This summer, extreme weather rocks America and pundits debate while August arrives all too quickly. Since July 1st, accounting majors, economics majors, and students of literature have been increasing their knowledge and vocabulary about important issues that affect us all by studying sociology. These students are hard at work exploring theoretical assertions about race, class, and gender in an online summer intensive Introduction to Sociology course, specifically framed around the Sociology of Family.
Using texts that explore gestation, birth, and caregiving, authors Barbara Katz Rothman, Phyllis Chesler, Patricia Hill Collins, and Keisha Goode (to name a few), explore women’s experiences, racial disparities, and gendered labor. This week, we read the latest media stories on wombs, trans-birth, uterus transplants, and self-identified men as mothers. We have all been scrambling for new definitions and fresh ways of thinking about gestation as well as parenting.

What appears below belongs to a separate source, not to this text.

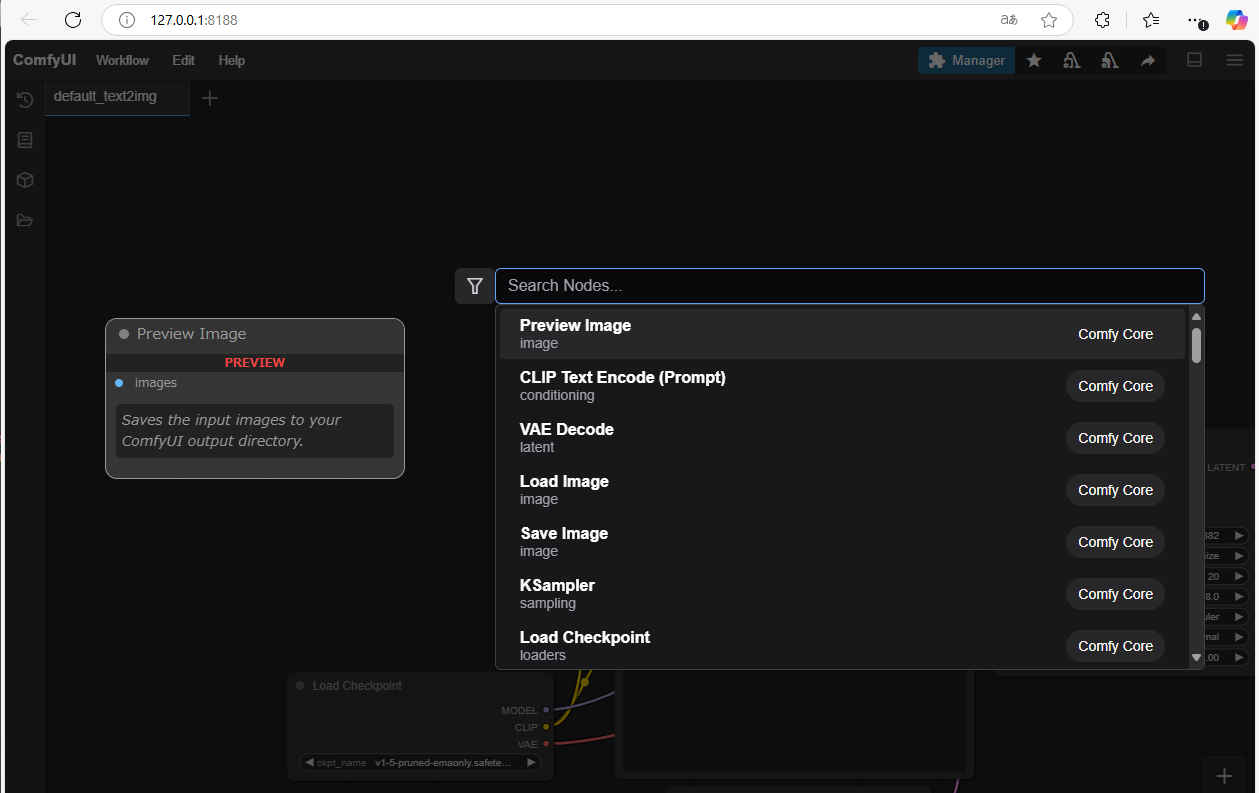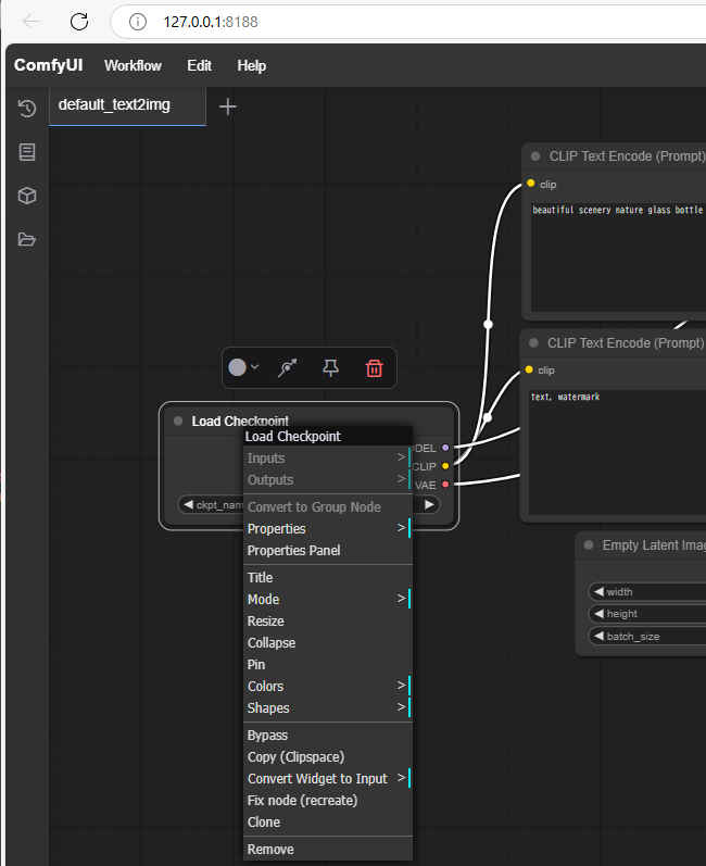 - ノードメニュー(例:Load Checkpoint)

As part of a service-learning portion of an Intro to Sociology class, students were asked to take a piece of construction paper or plain white paper and mark in bold words a minimum of 5 words that best describe “mother” and “father”. We have been complicating those basic notions ever since.

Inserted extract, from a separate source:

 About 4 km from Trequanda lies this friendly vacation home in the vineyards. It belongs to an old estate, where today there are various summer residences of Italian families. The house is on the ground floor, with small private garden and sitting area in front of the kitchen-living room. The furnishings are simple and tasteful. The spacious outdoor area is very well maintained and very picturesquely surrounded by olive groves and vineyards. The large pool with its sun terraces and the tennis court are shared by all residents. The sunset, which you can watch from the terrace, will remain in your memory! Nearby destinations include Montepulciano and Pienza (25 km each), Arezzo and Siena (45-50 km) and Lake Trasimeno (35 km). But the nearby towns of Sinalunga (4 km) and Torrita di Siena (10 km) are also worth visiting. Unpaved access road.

Thinking about the authors we are studying assert about biology and gender, coupled with recent medical and policy developments, motherhood is more complicated than ever! The students were invited to revisit their original posters and articulate some of the information that has influenced their perspective in recent weeks. Some of their notes are below:
Words Added:
– Gender Neutral:
· The readings from this week highlighted the problems associated with gendered parenting
· Mothers struggle with work because of the perception that they are obligated to care for their home and children
· Men do not feel obligated to do any parenting work but feel an overwhelming obligation to provide economically for their families
· Both genders are equally capable of parenting in the form of motherhood and fatherhood
· everyone including children would be better off if parental duties were split equally
· All other words on the poster represent things my mother, grandparents, and stepfather did and that I wish my father had participated in
· Not parenting is a personal choice not a gendered choice
· Added for reasons listed above
· Parent should imply the same duties regardless of the parent’s gender
– Present:
· Being present is an essential part of parenthood that I did not think about until I watched “Glen Henry got his Superpowers Through Fatherhood”
– Care:
· “Mothering is most likely done by a female due to our society’s definition of the word ‘mother.’ The action of mothering however is simply caring for another.” [Castaneda and Oware]
– Guide
– Educate
· Guide and educate were both terms I did not think to put until I though in the context of parenthood rather than motherhood
· Gendered expectations affect us all and are very pervasive
Assertion Statement:
Replace motherhood and fatherhood with parenthood
Father
• Tenderhearted
• Empathetic
• Compassionate
• Honest
• Supportive
• Sacrificing
• Wise
“A healthier masculinity can only be achieved if we acknowledge that “Tough” and “Strong” aren’t the only 2 characteristics men can be.”